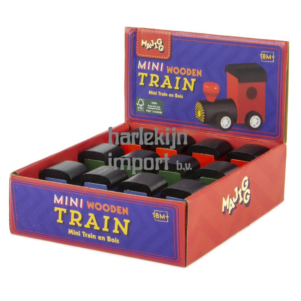 Allemaal aan boord van de MAJIGG Mini Steam Train! Deze charmante houten trein is gemaakt van duurzaam FSC-hout en heeft de tijdloze aantrekkingskracht van klassieke stoomtreinen. De gladde randen en levendige kleuren maken het een genot om mee te spelen en te verkennen. Duw de trein over het spoor en laat de fantasie van uw klanten de vrije loop. De Mini Steam Train is gemaakt met het oog op duurzaamheid en stimuleert milieuvriendelijk spelen en stimuleert tegelijkertijd de creativiteit en de ontwikkeling van fijne motoriek. Bevoorraad uw winkel met dit houten speelgoed in de groothandel dat nostalgische charme combineert met duurzame materialen. Kijk voor onze FSC-gecertificeerde® producten.
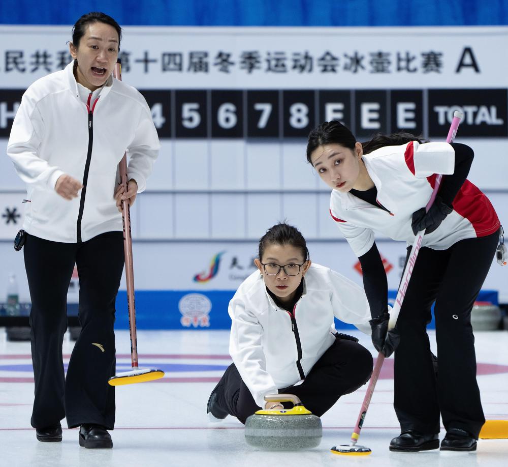 新华社呼和浩特2月23日电(记者戴锦镕、刘艺淳)23日,第十四届全国冬季运动会冰壶公开组男子和女子循环赛均进行了第四、第五轮比赛,王冰玉、周妍、岳清爽所在的四川女子冰壶队收获首胜。
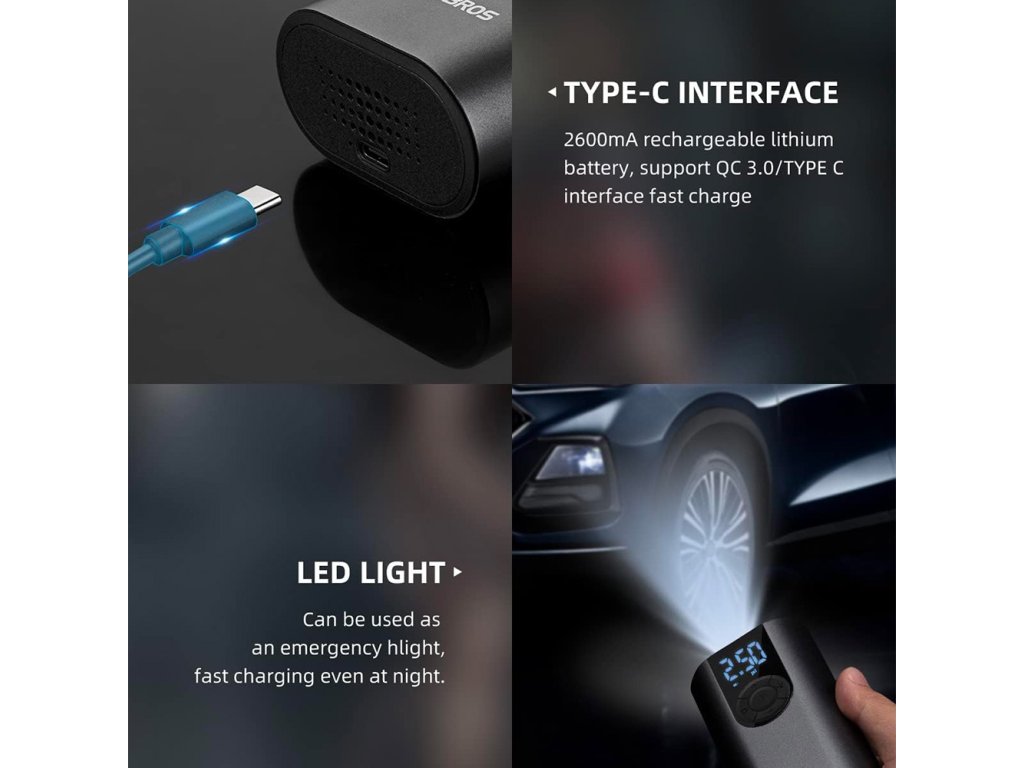 - Nafoukne pneumatiku kola za 2-3 minuty. Dvě baterie o kapacitě 2600 mAh zaručují, že pumpa bude připravena k použití, kdykoli ji potřebujete.
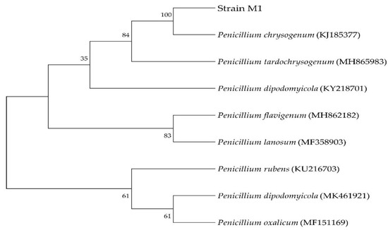 2.5. Identification of the Fungal Isolate

*-*-*

Repeat all the material above exactly, apart from the pictures.

__EXPECTED ANSWER__:
 Allemaal aan boord van de MAJIGG Mini Steam Train! Deze charmante houten trein is gemaakt van duurzaam FSC-hout en heeft de tijdloze aantrekkingskracht van klassieke stoomtreinen. De gladde randen en levendige kleuren maken het een genot om mee te spelen en te verkennen. Duw de trein over het spoor en laat de fantasie van uw klanten de vrije loop. De Mini Steam Train is gemaakt met het oog op duurzaamheid en stimuleert milieuvriendelijk spelen en stimuleert tegelijkertijd de creativiteit en de ontwikkeling van fijne motoriek. Bevoorraad uw winkel met dit houten speelgoed in de groothandel dat nostalgische charme combineert met duurzame materialen. Kijk voor onze FSC-gecertificeerde® producten.
 新华社呼和浩特2月23日电(记者戴锦镕、刘艺淳)23日,第十四届全国冬季运动会冰壶公开组男子和女子循环赛均进行了第四、第五轮比赛,王冰玉、周妍、岳清爽所在的四川女子冰壶队收获首胜。
 - Nafoukne pneumatiku kola za 2-3 minuty. Dvě baterie o kapacitě 2600 mAh zaručují, že pumpa bude připravena k použití, kdykoli ji potřebujete.
 2.5. Identification of the Fungal Isolate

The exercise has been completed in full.